I have an almost frightening sense of deja-vu as I read these pages of Friedman. I know this world; I know these arguments; I know these rhetorical tricks. It is the world of analytic philosophy. More than that: it is the world of strongly positivist analytic philosophy. Has Friedman been reading Carnap? He gives no philosophical references for his claims, but listen:
“The ultimate goal of a positive science is the development of a ‘theory’ or ‘hypothesis’ that yields valid and meaningful (i.e., not truistic) predictions about phenomena not yet observed. Such a theory is, in general, a complex intermixture of two elements. In part, it is a ‘language’ designed to promote ‘systematic and organized methods of reasoning’ [he’s quoting Marshall]. In part, it is a body of substantive hypotheses designed to abstract essential features of complex reality.
Viewed as a language, theory has no substantive content; it is a set of tautologies. … [Its usefulness] depends partly on logical, partly on factual considerations. The canons of formal logic alone can show whether a particular language is complete and consistent, that is, whether propositions in the language are ‘right’ or ‘wrong’ [unless he thinks that truth is an entirely formal concept (which he can’t), he must mean “whether analytic propositions…”] Factual evidence alone can show whether the categories of the ‘analytical filing system’ have a meaningful empirical counterpart, that is, whether they are useful in analyzing a particular class of concrete problems.”
Yes, we’ve heard it all before. It’s logical positivism; it’s early analytic empiricism; it’s widespread, sure, but that doesn’t mean it’s right. Keynes (the son) wrote, in one of his most famous aphorisms: “Practical men, who believe themselves to be quite exempt from any intellectual influences, are usually the slaves of some defunct economist.” And economists, who believe themselves to be paragons of intellectual independence, are usually the slaves of some defunct philosopher. Friedman’s essay on method was published in 1953. So he can’t be blamed for not having read Quine’s ‘Two Dogmas of Empiricism’, published 1961. But by the time Friedman’s ideas became widely accepted, within the academy and, still more, by policy-makers, the philosophical ideas he was deploying had been largely exploded – or at least pervasively rejected – within the community of professional philosophers. I’m sure that most economists read Friedman’s lines without much knowledge of the powerful arguments that have been deployed against them.
Quine’s ‘Two Dogmas’ is arguably the most influential article ever published in the analytic tradition. Its central claim is that there is no fundamental difference between analytic and synthetic statements. (That is, between tautologous statements and statements the truth of which is dependent on experience). No proposition, Quine writes, is so fundamental to the constitution of a system of thought that it cannot in principle be subject to revision in the light of experience. Similarly (though Quine places less emphasis on this point) no proposition is so closely bound to experience that it cannot in principle be maintained in the light of any and all evidence, provided we are prepared to make sufficiently substantial changes in the rest of our system of thought.
No claim in analytic philosophy has provoked so much debate. The arguments go on, over the meaning, implications and validity of Quine’s ideas. For myself, I have an almost limitless set of objections to Quine – but on this, I’m with him. My main criticism of Quine is that he refuses to pursue the implications of his own most famous idea.
That will have to wait for another time (or not). The point here is that Friedman’s methodological claims are (so far) highly dubious. Further: he is not actually engaging in economics – except to the extent that all economics always involves philosophy. He is philosophising covertly, without giving his reasons, and without giving his sources.

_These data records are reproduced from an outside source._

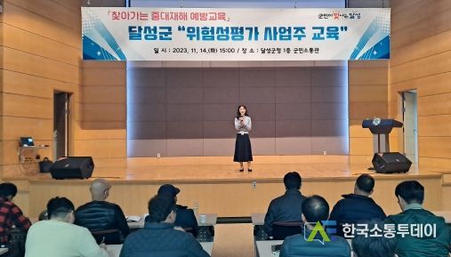 한국소통투데이 관리자 기자 | 달성군은 지난 14일 달성군 군민소통관에서 '찾아가는 중대재해 예방 교육'의 일환으로 달성군 관내 사업주 30여명을 대상으로 ‘위험성평가 사업주 교육’을 실시했다. ‘위험성 평가 사업주 교육’은 안전보건공단 일선기관에서만 시행중인 교육으로 관내 사업주에 대한 교육 편의 제공 및 산업재해 예방 참여도 제고를 목적으로 달성군에서 유치했다.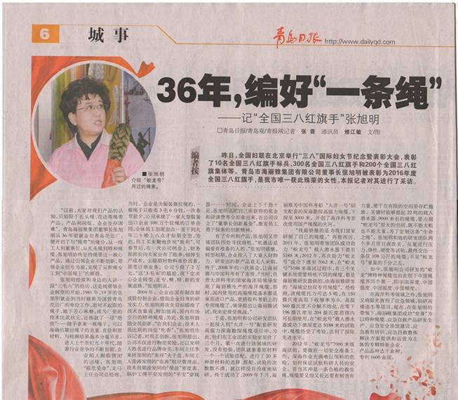 “業(yè)精于勤,荒于嬉;行成于思,毀于隨”,用在張旭明身上最貼切。36年的光陰,張旭明毫不吝嗇的奉獻給海麗雅,從織繩女工到“中國繩王”,這背后砥礪前行的痛楚也只有她自己最清楚。但是,路漫漫其修遠兮,張旭明會一直秉持“大國匠心”的理念,將繩纜產(chǎn)業(yè)做到極致,要讓自己的繩纜走出國門,站在世界的舞臺上,為國爭光!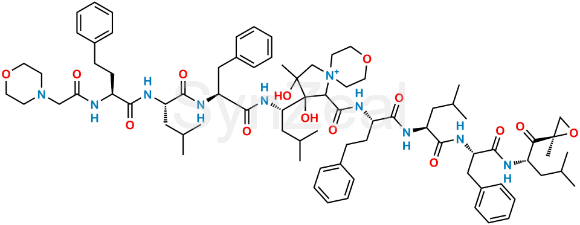 Carfilzomib Dimer Impurity 4 is chemically 2-((4S,7S,10S,13S)-10-benzyl-7-isobutyl-15-methyl-1-morpholino-2,5,8,11-tetraoxo-4-phenethyl-3,6,9,12-tetraazahexadecan-13-yl)-2,3-dihydroxy-3-methyl-1-(((S)-1-(((S)-4-methyl-1-(((S)-1-(((S)-4-methyl-1-((R)-2-methyloxiran-2-yl)-1-oxopentan-2-yl)amino)-1-oxo-3-phenylpropan-2-yl)amino)-1-oxopentan-2-yl)amino)-1-oxo-4-phenylbutan-2-yl)carbamoyl)-8-oxa-5-azaspiro[4.5]decan-5-ium. Carfilzomib Dimer Impurity 4 is supplied with detailed characterization data compliant with regulatory guideline. Carfilzomib Dimer Impurity 4 can be used for the analytical method development, method validation (AMV), Quality Controlled (QC) application for Abbreviated New Drug Application (ANDA) or during commercial production of Carfilzomib.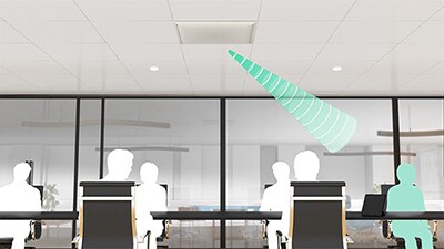 Con Voice Lift las personas en la misma sala se escuchan claramente desde cualquier parte, y un sistema voice lift con un micrófono array en el techo, un procesador, un amplificador de potencia y altavoces en el techo, crea un entorno cómodo para reuniones y seminarios en salas de conferencias grandes, auditorios escolares y otros entornos.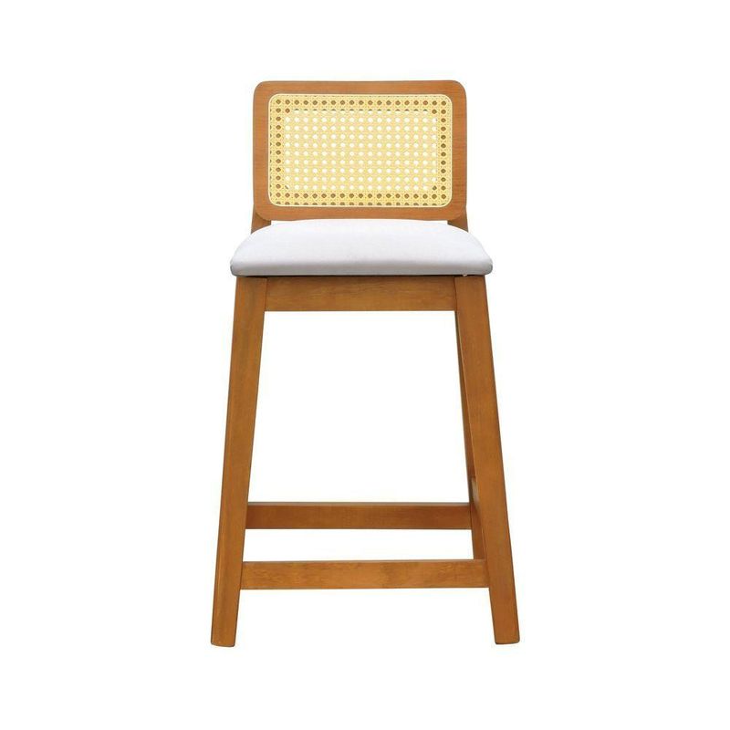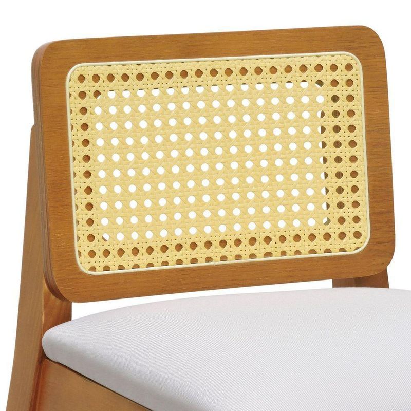 Banqueta Média Gabi Madeira Maciça Telinha Natural - Amêndoa Assento Estofado Linho Bege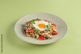 Title Beef Udon Stir-Fry with Vegetables and Sunny Side Up Egg on Top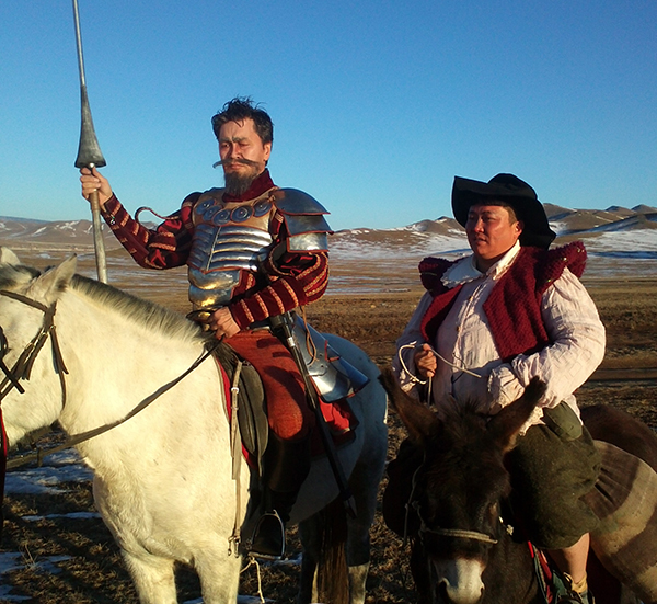 Харин жүжгийн гол дүр Дон Кихотын дүр МУГЖ жүжигчин Б.Жаргалсайхан тоглож байгаа ол Санчо Пансад  СТА Г.Амгаланбаатар нар тоглож байгаа бол Перо Перест СТА Л.Дэмидбаатар, Альдонса Лоренсод Б.Нармандах, Сансон Парраскод жүжигчин Г.Дөлгөөн-Аюуш, Антониод СТА.Д.Ганцэцэг нар тогложээ.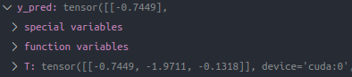 Linear_loss = [] for i in range(10): for data in linear_loader: x, y = data['x'], data['y'] x = x.cuda() y = y.cuda() y_pred = model(x) lloss = loss(y_pred, y) optimizer.zero_grad() lloss.backward() for param in model.parameters(): print(param.item()) optimizer.step() for param in model.parameters(): print(param.item()) Linear_loss.append(lloss.item()) print("Out--->input size:", x.size(), "output_size:", y_pred.size())

Project for an infinite synthesising intelligence: trace the intellectual, cultural, (even) economic forces that generate these parallels. Oh! There’s so much to think and say. But one has to start somewhere. Tomorrow, then, or some time soon, we’ll move on to the fact/value distinction, beloved of positivists everywhere, and the basis for Friedman’s whole division between ‘positive’ and ‘normative’ economics.

This thing will run and run.

An Intruder.

Filed under: Uncategorized — duncan @ 5:40 pm

I got back from the launderette, to find an intruder in my flat.

The intruder was sitting in the comfy chair, drinking a glass of wine, and leafing through my copy of the latest ‘Radical Philosophy’. When I put down my laundry, he looked up.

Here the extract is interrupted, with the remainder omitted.